Today is bath day.  I can't seem to get more than one kitten bathed without having to stop and take a break before the next one.
My neck is killing me.  And since the spine specialist said the bulging disc in my neck isn't bad enough for surgery, I know it's the damn fibro!  My knees are hurting.  I won't know until I get my x-rays if they are bad or just bad because of the fibro.

So I beg and plead, to anyone and everyone, stop dumping your kittens at my house and when my fosters leave, please don't ask me to foster again.
I know it sounds harsh and unkind to ask.  But on days like this, when the pain is so bad not even my pain meds are working, I can't take it.  It's not fair for the fosters and it's certainly not fair to my own babies who I don't spend enough time with when I have fosters.

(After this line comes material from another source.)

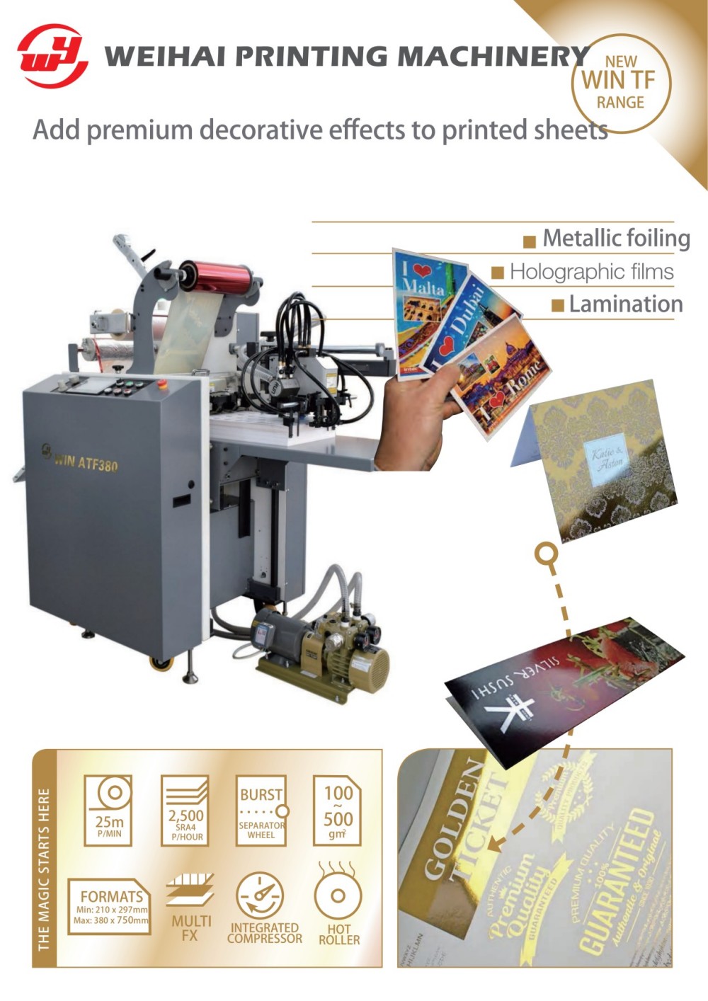 వీహై ప్రింటింగ్ మెషినరీ కో., లిమిటెడ్ ద్వారా ఉత్పత్తి చేయబడిన 380mm షీట్-ఫెడ్ లామినేటింగ్ మరియు ఫోయిలింగ్ ప్రెస్ పూర్తిగా ఆటోమేటిక్ లామినేటింగ్ మరియు హాట్ స్టాంపింగ్ ఫంక్షన్‌లను కలిగి ఉంది. ఇది ప్రధానంగా డిజిటల్ ప్రింటెడ్ ఉత్పత్తుల కోసం ఉపయోగించబడుతుంది, అయితే స్వయంచాలకంగా లామినేట్ మరియు హాట్ స్టాంప్ ఆఫ్‌సెట్ ప్రింటెడ్ మెటీరియల్‌లకు కూడా ఉపయోగించబడుతుంది. ఇది ఒక అద్భుతమైన ఆటోమేటిక్ ప్లేట్ రహిత లామినేటింగ్ మరియు ఫాయిలింగ్ ప్రెస్ మెషిన్.

I will kick Fibro's ass one day.  One day I will be better.  And when I am, I'm coming after you fibro!

Saturday, June 29, 2013

Social Security Disability review

I got my first SSDI review in the mail.  Only a few questions.  'Course, my answers depend on whether or not they do a full scale review. I gave them permission to request my medical file.  We'll see what happens next.  All I know is this damn fibro makes it all hurt so much more and I'm sick of it!

Garden duty

I had every intention of weeding my garden today.  But once I got out there, my body told me "no way lady" and I headed back in.
I know I still have it good compared to others.  But I absolutely hate when the fibro dictates what I can and can not do!